--- WHAT THE TASK REQUIRES ---
Retype the whole listing, please, keeping every line exact and dropping the pictures.

--- COLLECTED DATA ---

▬▬▬

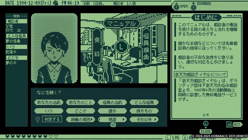 本作は、1994年の日本を舞台に、怪異専門の電話相談室の新人として【怪異】の仕業かどうかを判定するアドベンチャーゲームです。
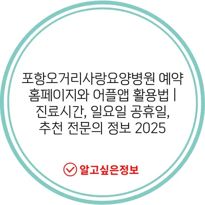 포항오거리사랑요양병원 예약 홈페이지와 어플앱 활용법 | 진료시간, 일요일 공휴일, 추천 전문의 정보 2025
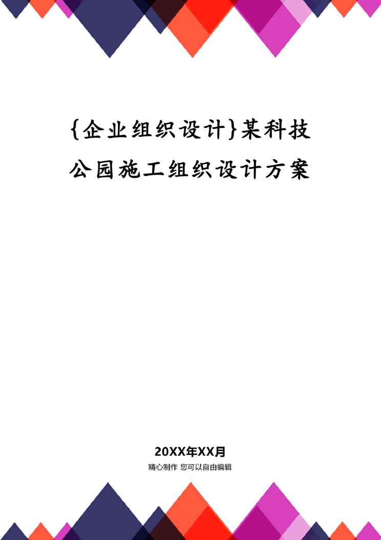 本站正式发布了《{企业组织设计}某科技公园施工组织设计方案》文档,文档详细内容可下载阅读。 声明:本站所有文章,如无特殊说明或标注,均为本站原创发布。任何个人或组织,在未征得本站同意时,禁止复制、盗用、采集、发布本站内容到任何网站、书籍等各类媒体平台。如若本站内容侵犯了原著者的合法权益,可联系我们进行处理。
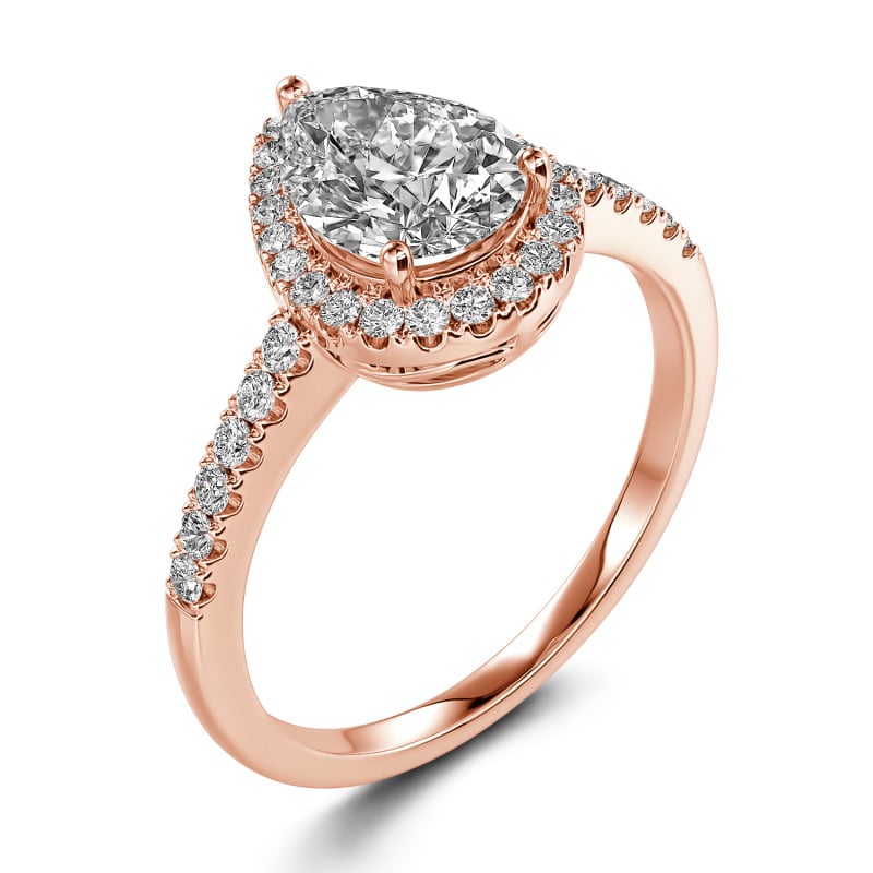 Jeulia Halo Pear Cut Sterling Silver Ring

▬▬▬

--- RESULT ---
 本作は、1994年の日本を舞台に、怪異専門の電話相談室の新人として【怪異】の仕業かどうかを判定するアドベンチャーゲームです。
 포항오거리사랑요양병원 예약 홈페이지와 어플앱 활용법 | 진료시간, 일요일 공휴일, 추천 전문의 정보 2025
 本站正式发布了《{企业组织设计}某科技公园施工组织设计方案》文档,文档详细内容可下载阅读。 声明:本站所有文章,如无特殊说明或标注,均为本站原创发布。任何个人或组织,在未征得本站同意时,禁止复制、盗用、采集、发布本站内容到任何网站、书籍等各类媒体平台。如若本站内容侵犯了原著者的合法权益,可联系我们进行处理。
 Jeulia Halo Pear Cut Sterling Silver Ring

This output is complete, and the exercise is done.